Я кивнул и положил цветы на каталку. Подошедшая сестра смотрела на нас из-за его спины.
— До свидания.
Я взял Настю за руку.
— Одну минуту, — задержал нас врач. — Вас зовут не Кристиан и… — он взял из рук сестры какой-то конверт, — …и Анастассия?
— Анастасия, — подтвердила Настя.
— Фрау Файнциммер говорила, что вы, возможно, придете. Это письмо для вас.

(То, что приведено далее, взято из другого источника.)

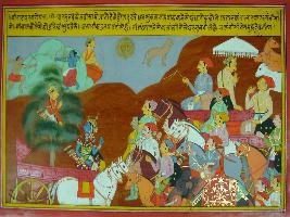 | Description / विवरण | Miniature painting based on Mahabharat - Virat parva depicting Drona telling Duryodhan that suddenly dark accures, jackles are holding horses are crying and the lady who is driving the chariot of prince Uttar scenes like Arjun who is coming to fight with us in the disguise of a woman in the way Shiv fight in the disguise of a Bhil. |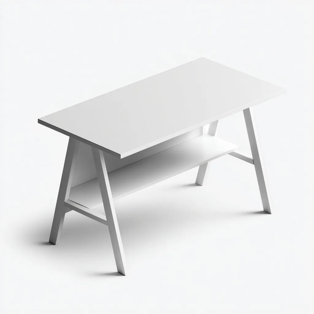 Fabricada en tablero de madera con acabado en color blanco, ofrece una superficie lisa, resistente y fácil de mantener. Las patas en forma de caballete aportan un estilo contemporáneo y buena estabilidad.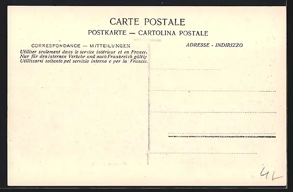 Personenbezogene Daten auf der Rückseite der Karte wurden durch blauen Textmarker unkenntlich gemacht. Die blauen Stellen sind auf die Vorderseite durchgeweicht und wirken sich negativ auf das Postkartenfoto aus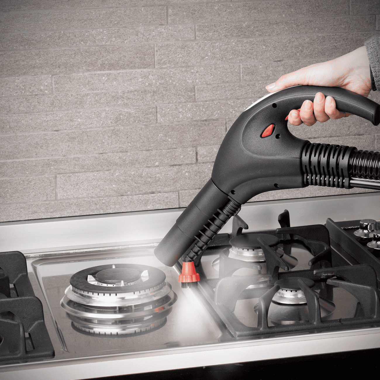 Koncentrator usmerja paro, ščetka pa omogoča dodatno mehansko moč pri odstranjevanju umazanije. Uporablja se lahko samo s paro ali v kombinaciji s sesanjem za učinkovito odstranjevanje raztopljene umazanije.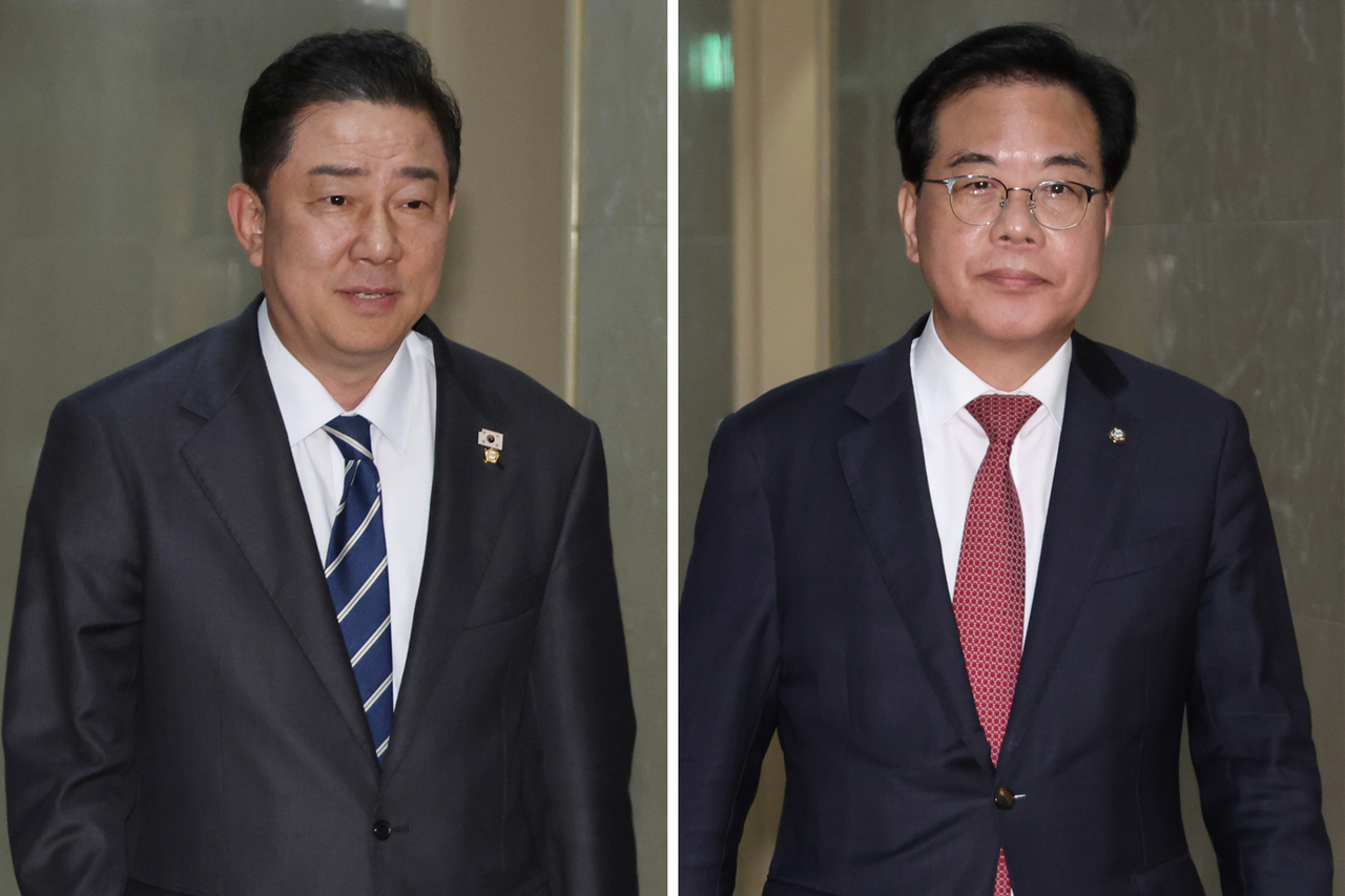 김병기(왼쪽) 더불어민주당 원내대표와 송언석국민의힘 송언석 원내대표가 9일 서울 여의도 국회에서 권성동 의원 체포동의안 표결 등 현안 관련 논의를 위해 운영위원장실로 들어가고 있다. [연합] |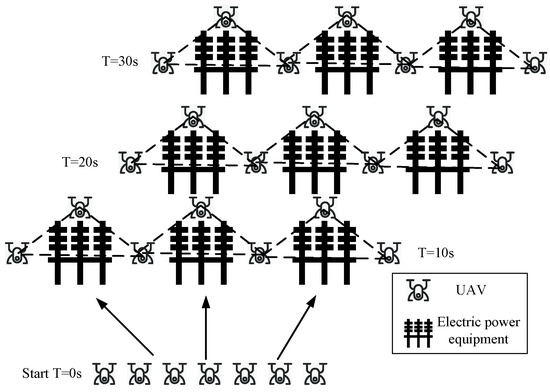 The increasing scale and operational intricacy inherent in contemporary power grids have revealed significant constraints in traditional manual inspection approaches, specifically regarding efficiency, precision, and adherence to safety protocols [1,2,3]. Unmanned aerial vehicles (UAVs), distinguished by their exceptional maneuverability and capability to access restricted areas, have evolved into revolutionary apparatuses for electrical infrastructure assessment [4,5]. Moreover, MUAV collaborative operational frameworks exhibit enhanced inspection performance and system robustness relative to individual UAV implementations, establishing this paradigm as a pivotal investigative domain within the field of power grid monitoring technologies [6,7,8].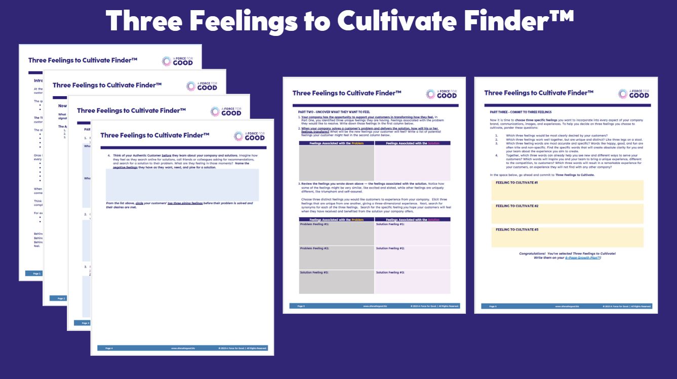 In this masterclass, you’ll use the 🍀Three Feelings to Cultivate Finder™🍀—a powerful clarity tool from the Force for Good System™—to define the 3 core emotions your brand is here to evoke at every stage of your customer journey.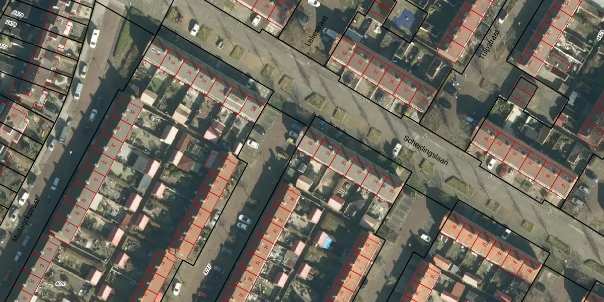 Scheidingslaan 26 is gelegen op kadastraal perceel PPD00B4021. Deze kadastrale aanduiding is uniek en wordt gebruikt door het Kadaster om eigendomsrechten en andere zakelijke rechten vast te leggen. Het perceel maakt onderdeel uit van de kadastrale gemeente Papendrecht.

Когда мы вышли из больницы, я увидел, что Настя плачет. Она обняла меня и, вытерев глаза о мое плечо, прижалась ко мне щекой.
— Вот и все, — повторила она слова Кугель. — Вот и все, милый. Мне страшно оттого, что она умерла в какой-то жуткой безысходности. С полным отрицанием, отвержением — понимаешь? — не только будущей жизни, но и прошедшей. Даже тела не оставила. Так, будто и не было ничего.
— Ты считаешь, если бы ее тело гнило на кладбище, было бы лучше?
Ничего не отвечая, Настя взяла из моих рук данный нам конверт и начала медленно отрывать полоску у его края. Первым, что мы увидели, были четыре купюры по тысяче марок. Рядом лежал блокнотный листок с аккуратно выведенными строками. Вероятно, Сара уже не могла писать, она диктовала:
«Дорогие!
Пристройте куда-нибудь Самурая, я взяла его, не подумав.
Деньги — вам на Париж, я хочу, чтобы вы туда съездили. Обязательно вместе, вы очень подходите друг другу. Буду радоваться за вас оттуда, где ничего нет.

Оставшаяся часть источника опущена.